The next day he was on a 1 p.m. flight bound for Lakeland and for a quick two-game cameo with the Single-A Flying Tigers before the 2017 season shut down.

“There were a lot of emotions, but it was good,” Rogers said. “I mean, you’re with the team that drafted you, and that’s a special place, but once I saw the big picture I was excited to come over and put on the Olde English D and play for a great team with such a great tradition.

“After it all settled down, it was great.”

How he eased into a nearly effortless defensive realm as a catcher is, Littlefield repeats several times in any chat about Rogers, all a product of being “a very athletic, agile player.”

But he mentions other elements. There’s the intelligence that made Rogers attractive to Tulane, the scholarly private university in New Orleans.

Littlefield also says Rogers works harder than the average dude. He is the son of a one-time cotton farmer and knows a bit about hardscrabble Texas and its ways. The ethic hasn’t been lost.

Rogers talks about past influences and tutors: Bruce Sutter, son of the Hall of Fame pitcher, who was his first true catching coach at Tulane. Philip Miller, now an assistant coach at the University of Texas, was huge in Rogers’ early grooming.

And then there was a Hall of Fame catcher with whom Tigers fans are familiar: Pudge Rodriguez, who made an imprint during an Astros instructional camp shortly after Rogers was drafted.

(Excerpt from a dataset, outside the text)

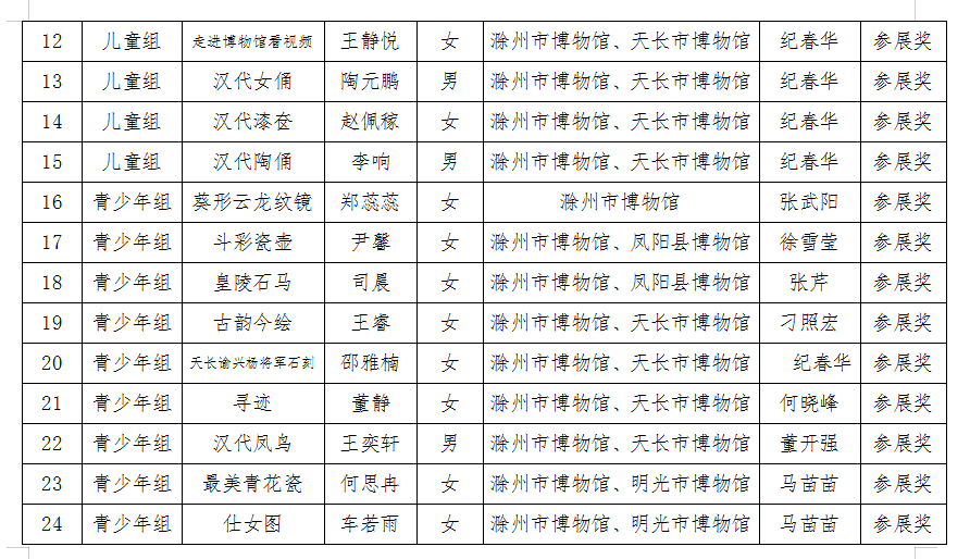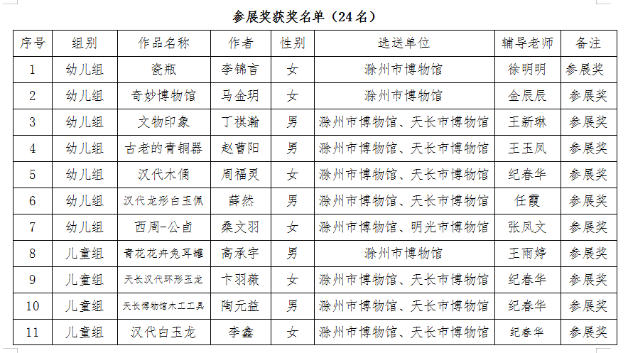 附件:2024年“我在博物馆画文物”安徽省青少年绘画大展获奖名单

He took more pointers from two minor-league Tigers managers who are ex-catchers: Mike Rabelo and Andrew Graham. They saw a gifted young man who not only had innate talent coaches needn’t have touched, but a youngster who would listen, who would absorb, who craved getting better.

Littlefield suspect Rogers’ bat will surge in something of a parallel to the way in which his defense earlier blossomed.

Is that possible? Probable? Achievable?

The Tigers and Rogers will find out. Spring camp begins in four weeks. Rogers’ growth-curve, however it plays out, will be one of 2019’s more absorbing prospect presentations.